U.N. urges Venezuela to dismantle criminal gangs running gold, bauxite mines

FILE PHOTO: Delegates wearing protective face masks attend the 44th session of the Human Rights Council at the European headquarters of the United Nations in Geneva, Switzerland, June 30, 2020. REUTERS/Denis Balibouse

GENEVA,  (Reuters) – Some gold, diamond and bauxite mines in the Venezuelan Amazon are largely controlled by criminal gangs who exploit, beat and even kill workers, a United Nations investigation has found.

Venezuelan security and military forces fail to prevent crimes and have participated in some violence against miners, the U.N. human rights office said in a report today.

“Authorities should take immediate steps to end labour and sexual exploitation, child labour and human trafficking, and should dismantle criminal groups controlling mining activities,” Michelle Bachelet, U.N. High Commissioner for Human Rights, said in a statement.

Her deputy Nada Al-Nashif presented the findings, on the area known as the Orinoco Mining Arc, to the Human Rights Council saying: “According to first-hand accounts received by the Office, a large portion of mining activities remain under the control of organised criminal or armed elements that impose their own rules through violence and extortion.”

Venezuela’s ambassador, Jorge Valero, rejected the report in a speech that did not specifically mention mining.

“It is clear that there is manipulation and double standards at play here with a view to try to attack a sovereign state and expose it,” Valero told the Geneva forum.

The U.N. report said that 149 people were reported to have died in or around the mines from March 2016 to 2020, with security forces implicated in half of the incidents, adding that the government had not replied to its request for information.

“According to accounts received … bodies of miners are often thrown into old mining pits used as clandestine graves,” the report said.

The miners, who include young children, lack employment contracts and are exposed to mercury contamination and malaria, the report said.

It called for the government of President Nicolas Maduro to regularise mining activities and ensure that they meet international legal and environmental standards.

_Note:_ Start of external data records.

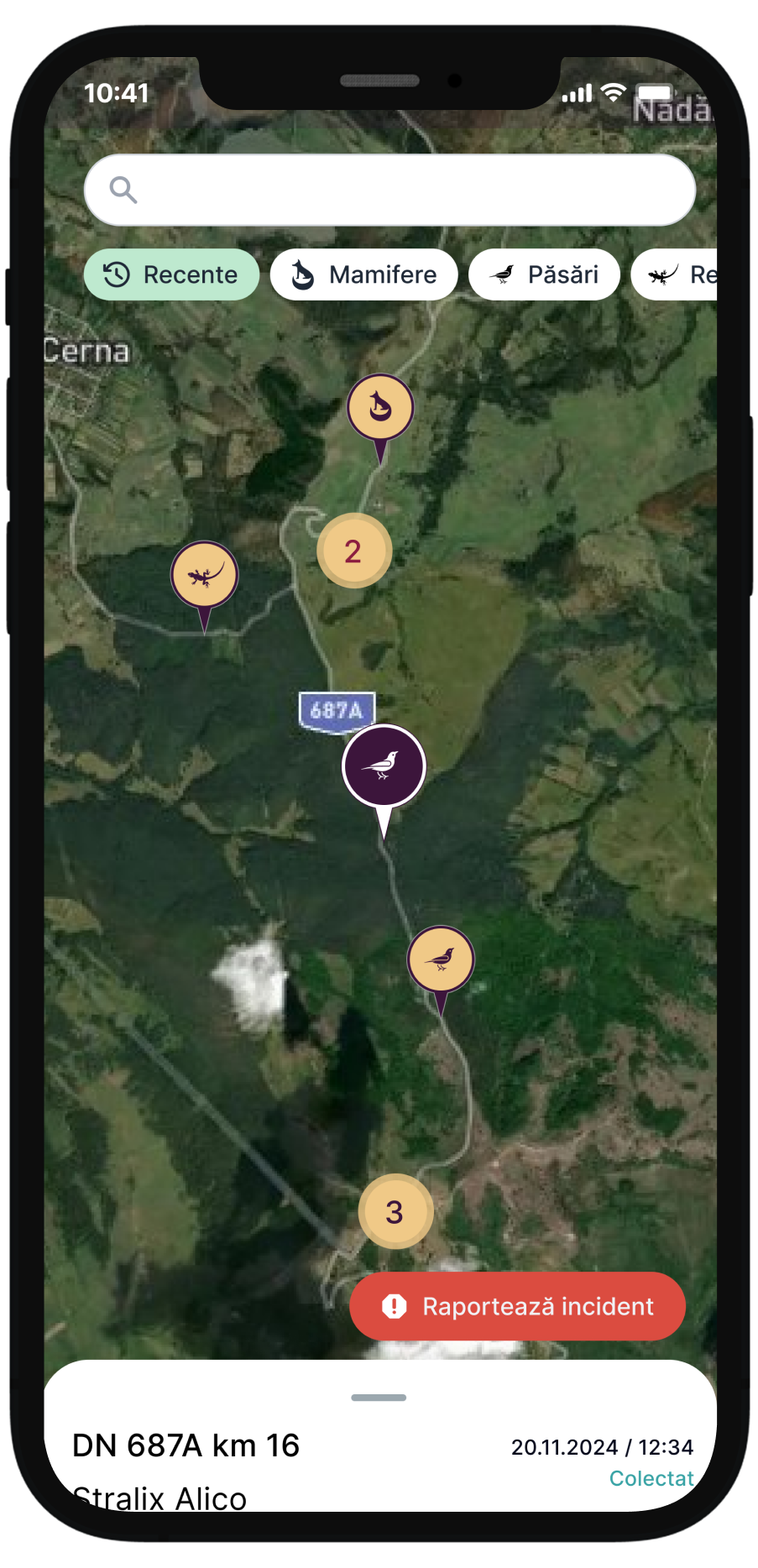 De asemenea, prin intermediul unei aplicații mobile asociate, cetățenii pot raporta de asemenea astfel de evenimente, primind și sprijin din partea specialiștilor pentru identificarea speciilor implicate în accidentele rutiere.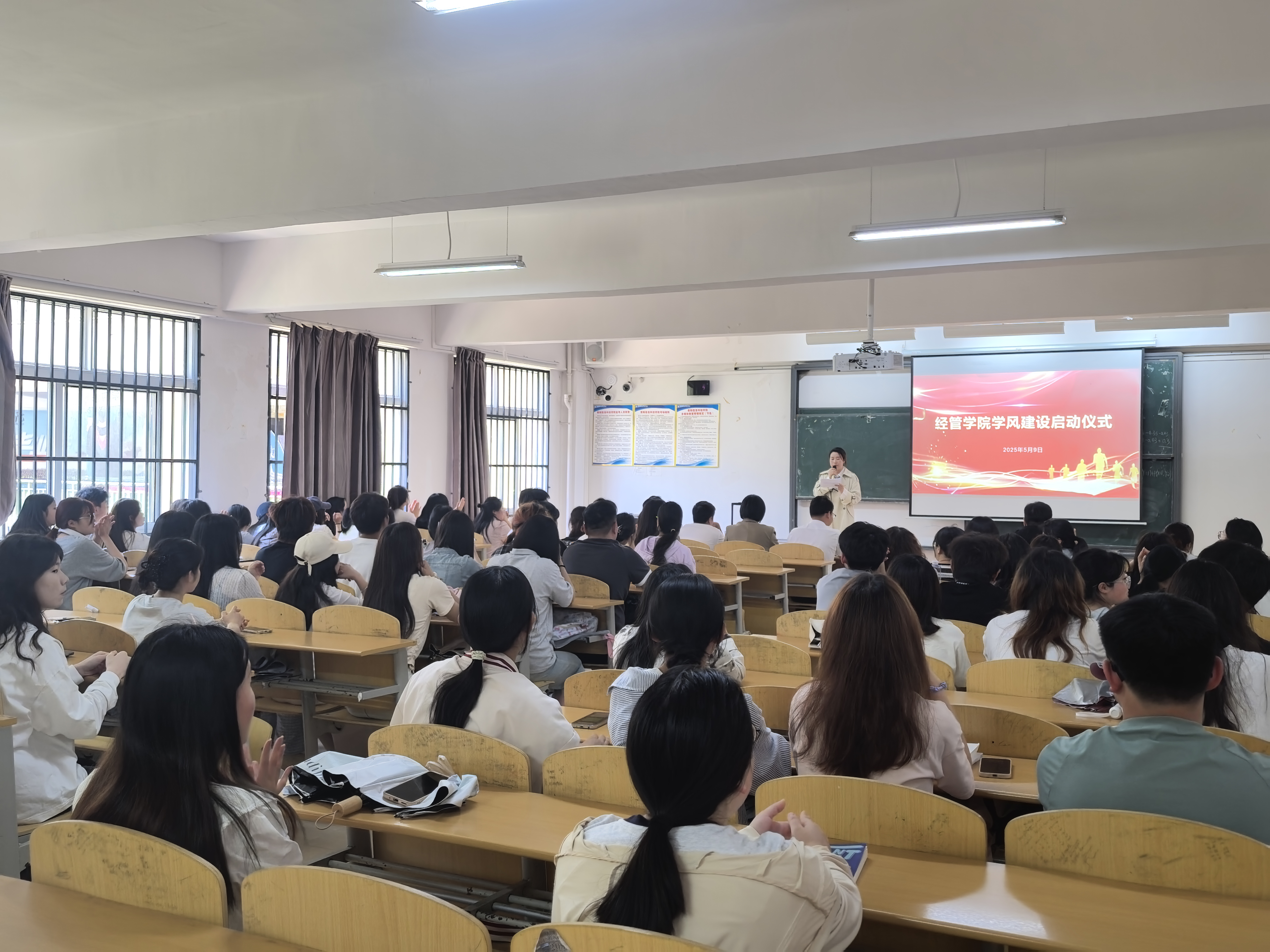 新闻网讯(供稿/供图 经济管理学院)2025年5月9日,经济管理学院学风建设启动仪式在B栋209教室隆重举行。学院领导班子成员、全体专职辅导员及2023级、2024级学生骨干代表齐聚现场,共同见证这一重要时刻,仪式由艾燕芳老师主持。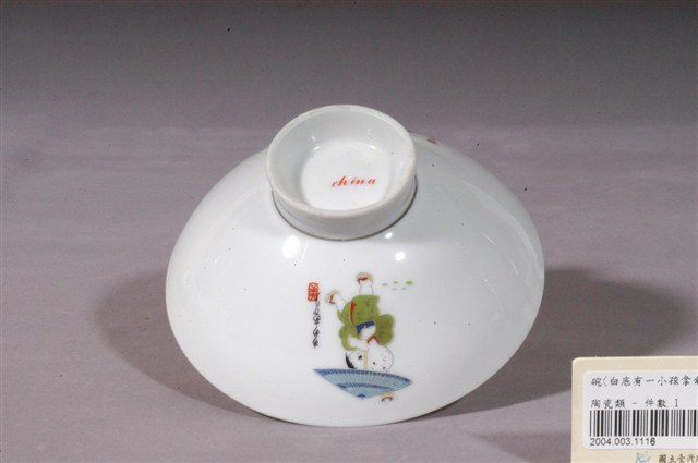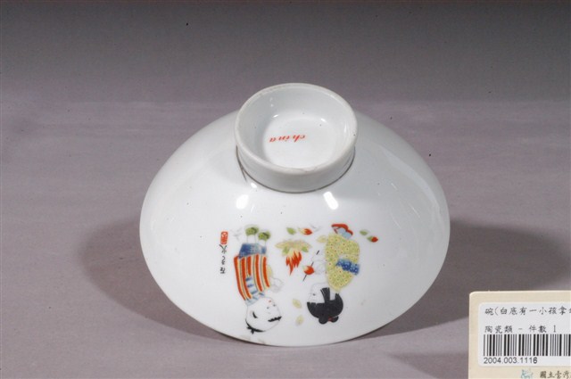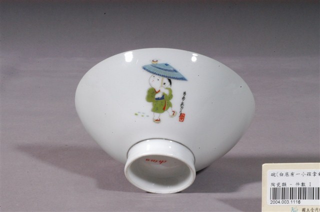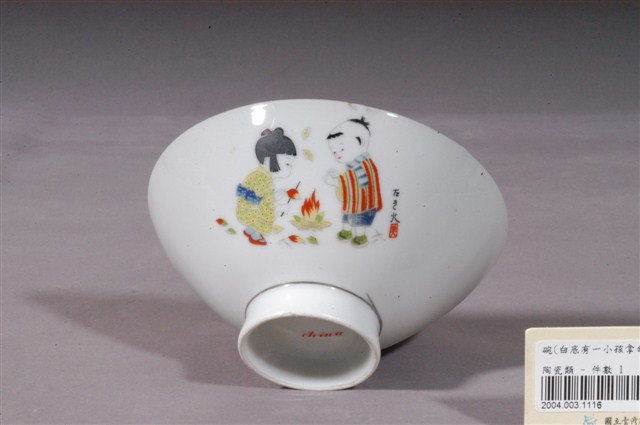 釉上彩嬰戲紋碗為模製成形,薄唇,平口,斜腹,弧壁下斂至圈足,高圈足,圈足露胎,薄胎,胎質細緻。全器施白釉,呈色白皙,清透光潔。內壁素面無紋飾。外壁以膠板印刷裝飾兩組嬰戲圖,其一,一位著日式和服、腳踩木屐的男孩,撐著一把藍色雨傘,傘上有陀螺正在打轉,男孩嘗試保持平衡不使其落下。其二,一對孩童,一男一女,亦著日式服裝,圍在營火旁,空中有樹葉飄落,男孩似伸手嘗試取暖,而女孩則手拿竹籤串起地上的果實。此件作品細節豐富,做工細緻精巧,配色鮮豔明亮,孩童的肢體動作栩栩如生,活潑可愛。兩組嬰戲圖旁皆書有日文,並於其下印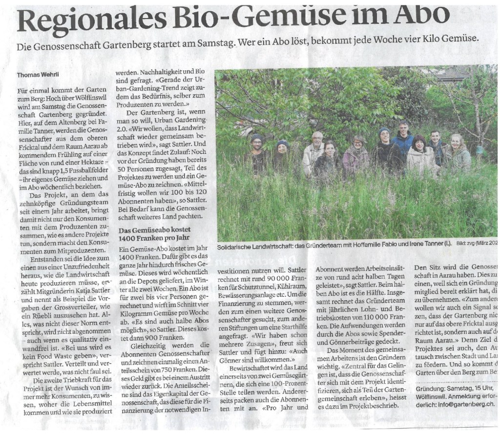 Drei Menschen aus dem Fricktal wagen den Weg nach Zürich. Inspiriert von dortigen bestehenden, funktionierenden Gemüsekooperativen kommen sie heim – die Idee in unserer Region etwas ähnliches auf die Beine zu stellen lässt sie nicht mehr los.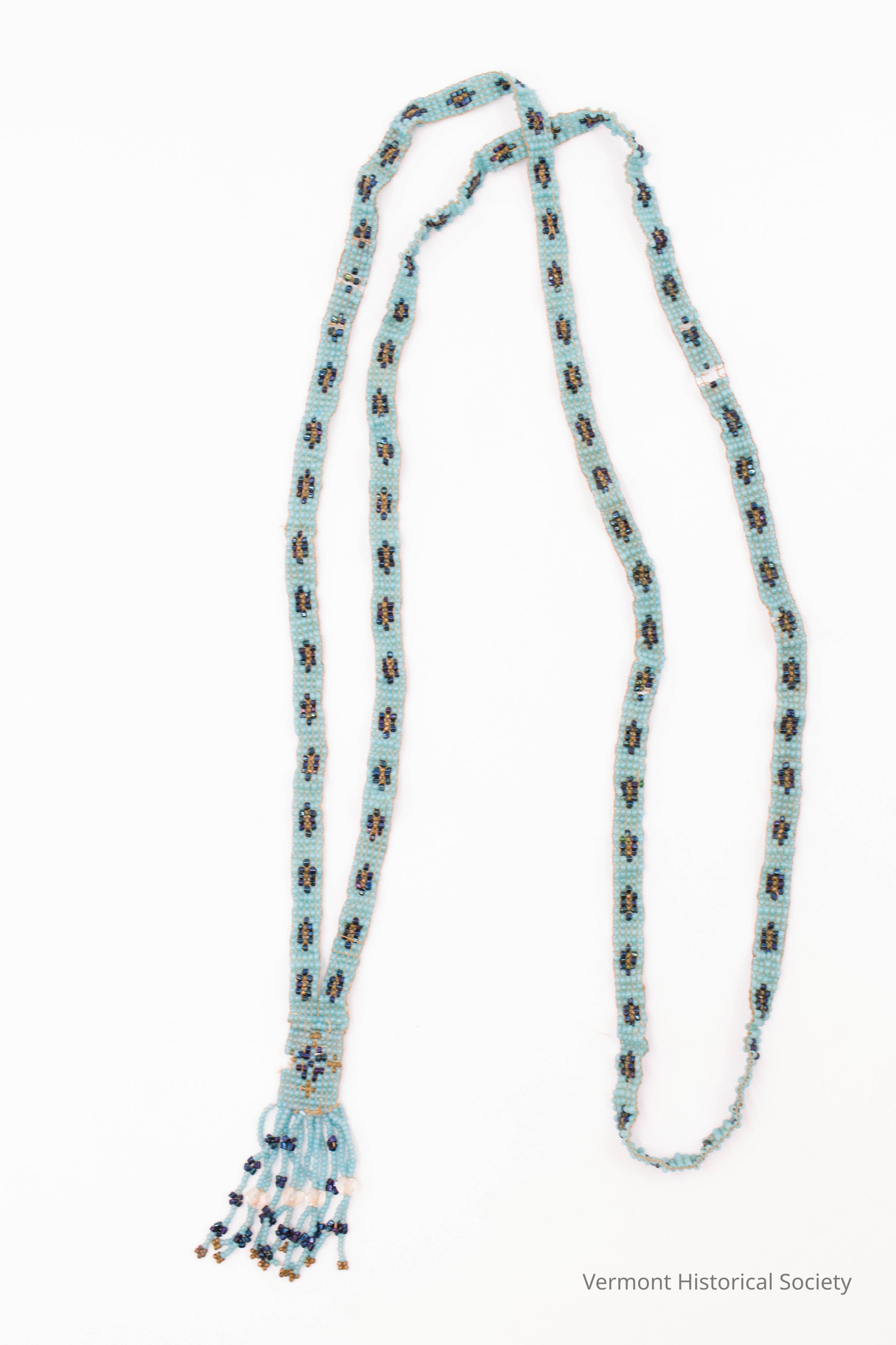 Long, loom-beaded necklace. The necklace is made of one length of 5-bead-wide weaving, with a floral pattern made from dark blue and gold glass beads, and a ground made of a light blue glass beads. The two ends of the length join together to form a sort of medallion with a bigger flower or snowflake pattern. The necklace culminates in a beaded fringe.

Created by a government decree in 2016, the area of some 42,800 square miles (111,000 sq km) in ​​the Venezuelan Amazon is equivalent to 12 per cent of national territory.

Gold, diamonds, coltan, iron and bauxite are mined.

Venezuela’s central bank has not published data on gold and mineral exports since 2018, the report said.

The Maduro government has supported small-scale mining since 2016 to bring in revenue amid an economic crisis. Operations have expanded as the United States has increased sanctions.

Criminal groups have become more active since concessions for foreign mining companies were terminated in 2011, the report said.